▶ [Requirement]:
Retype, without pictures, the line holding "Let’s start with" and each line below it through the final line.

▶ [Recorded data]:

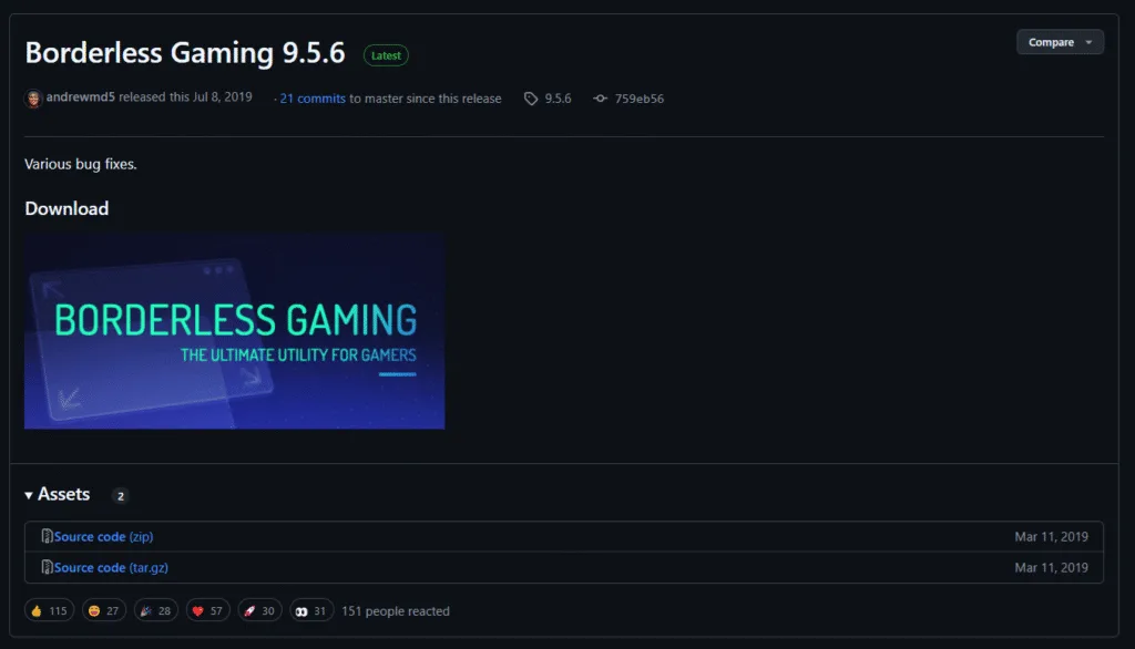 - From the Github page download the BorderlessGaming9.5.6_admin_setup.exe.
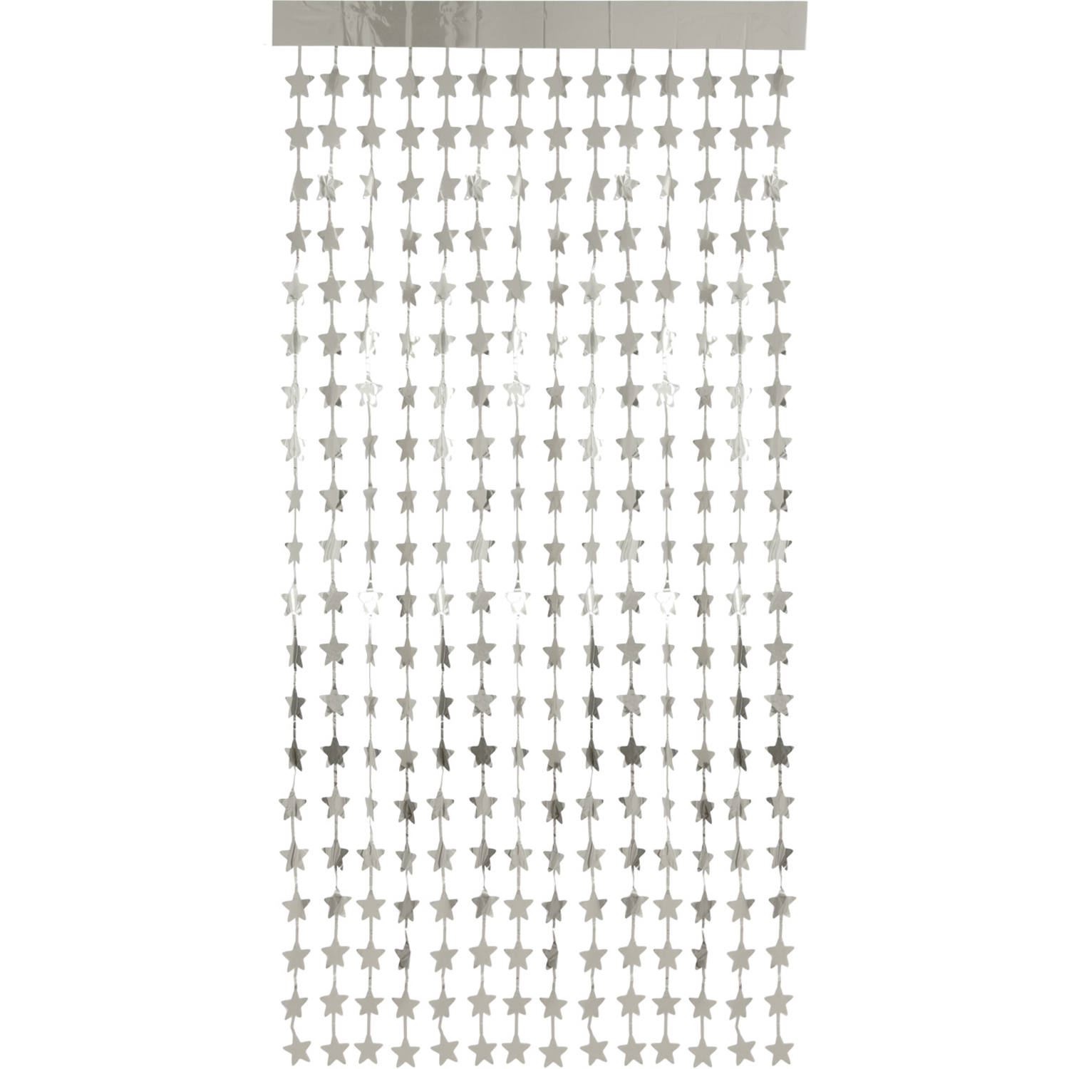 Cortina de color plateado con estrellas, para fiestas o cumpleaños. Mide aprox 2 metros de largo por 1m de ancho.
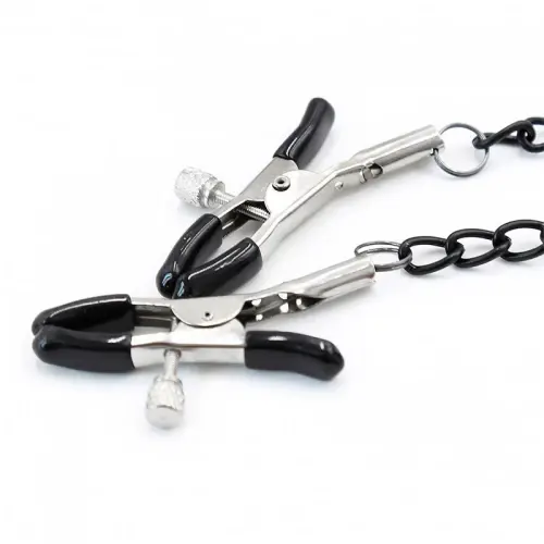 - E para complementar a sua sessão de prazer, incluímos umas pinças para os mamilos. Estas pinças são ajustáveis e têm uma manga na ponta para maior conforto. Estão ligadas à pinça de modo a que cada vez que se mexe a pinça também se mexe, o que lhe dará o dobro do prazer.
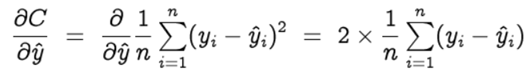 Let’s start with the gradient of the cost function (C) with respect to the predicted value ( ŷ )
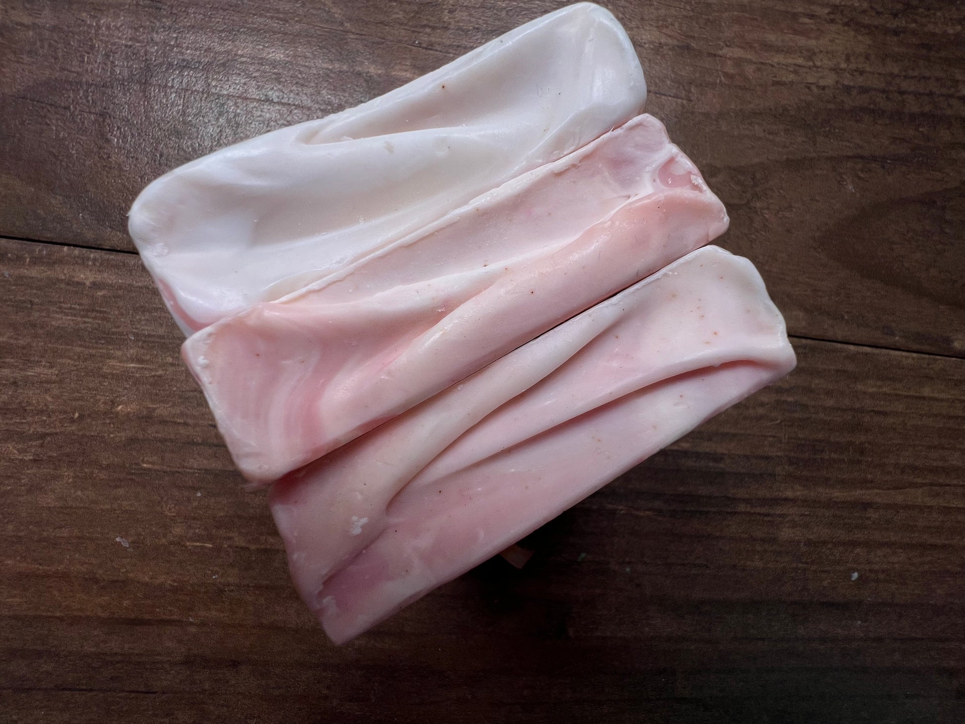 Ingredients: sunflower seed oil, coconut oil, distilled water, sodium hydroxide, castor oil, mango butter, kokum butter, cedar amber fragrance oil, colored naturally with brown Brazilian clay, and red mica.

▶ [Answer to the problem]:
 Let’s start with the gradient of the cost function (C) with respect to the predicted value ( ŷ )
 Ingredients: sunflower seed oil, coconut oil, distilled water, sodium hydroxide, castor oil, mango butter, kokum butter, cedar amber fragrance oil, colored naturally with brown Brazilian clay, and red mica.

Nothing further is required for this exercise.